We use an IQR-based cap to prevent these from dominating the analysis while retaining the records.

In [None]:
if 'monthly_spend' in df.columns:
    q1 = df['monthly_spend'].quantile(0.25)
    q3 = df['monthly_spend'].quantile(0.75)
    iqr = q3 - q1
    upper_cap = q3 + 1.5 * iqr
    print('monthly_spend upper cap (IQR-based):', upper_cap)

    df['monthly_spend_capped'] = df['monthly_spend'].clip(upper=upper_cap)

df[['monthly_spend', 'monthly_spend_capped']].head() if 'monthly_spend' in df.columns else df.head()

As with the retail project, you can decide whether to keep both original and capped versions depending on modeling strategy.

## 8. Final checks

We run a last round of checks to confirm types, ranges, and summary statistics.

In [None]:
df.info()

In [None]:
df.describe(include='all').transpose().head(20)

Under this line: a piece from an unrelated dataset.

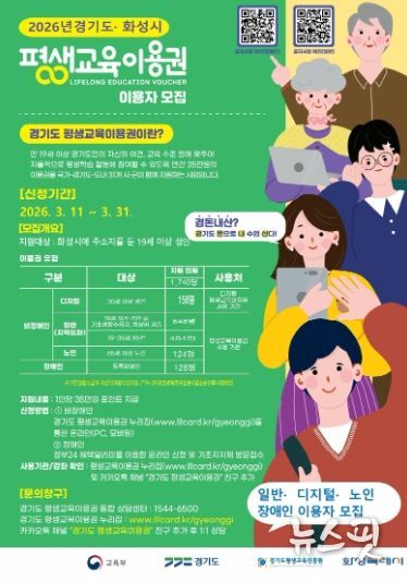 (뉴스핏 = 김수진 기자) 화성특례시는 평생학습 소외계층의 학습권을 보장하고 교육격차를 완화하기 위해 ‘2026년 평생교육이용권 지원사업’ 이용자 1차 모집을 오는 11일부터 31일까지 실시한다고 6일 밝혔다.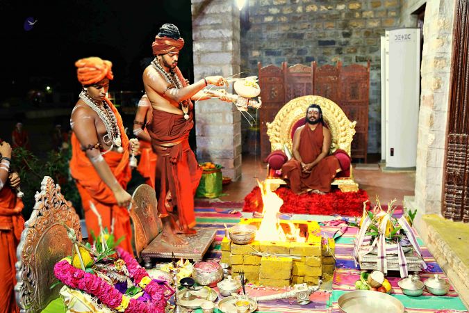 HDH Nithyananda Paramashivam gracing the Shiva Puja homa at Adi Kailash

## 9. Export cleaned dataset

Finally, we export the cleaned dataset to an Excel file named **`customer_churn_clean.xlsx`**.
This file is suitable for churn modeling, dashboards, and retention analytics.

In [None]:
clean_path = 'customer_churn_clean.xlsx'
df.to_excel(clean_path, index=False)
print('Cleaned dataset saved to:', clean_path)

---
### Notes for Upwork / Portfolio

- This notebook can be attached in your GitHub repository as a complete example of CRM/churn data cleaning.
- It demonstrates handling of messy dates, corrupted numeric fields, categorical standardization, missing data, duplicates, and outliers.
- You can adapt it to real client datasets by updating the column names and file paths.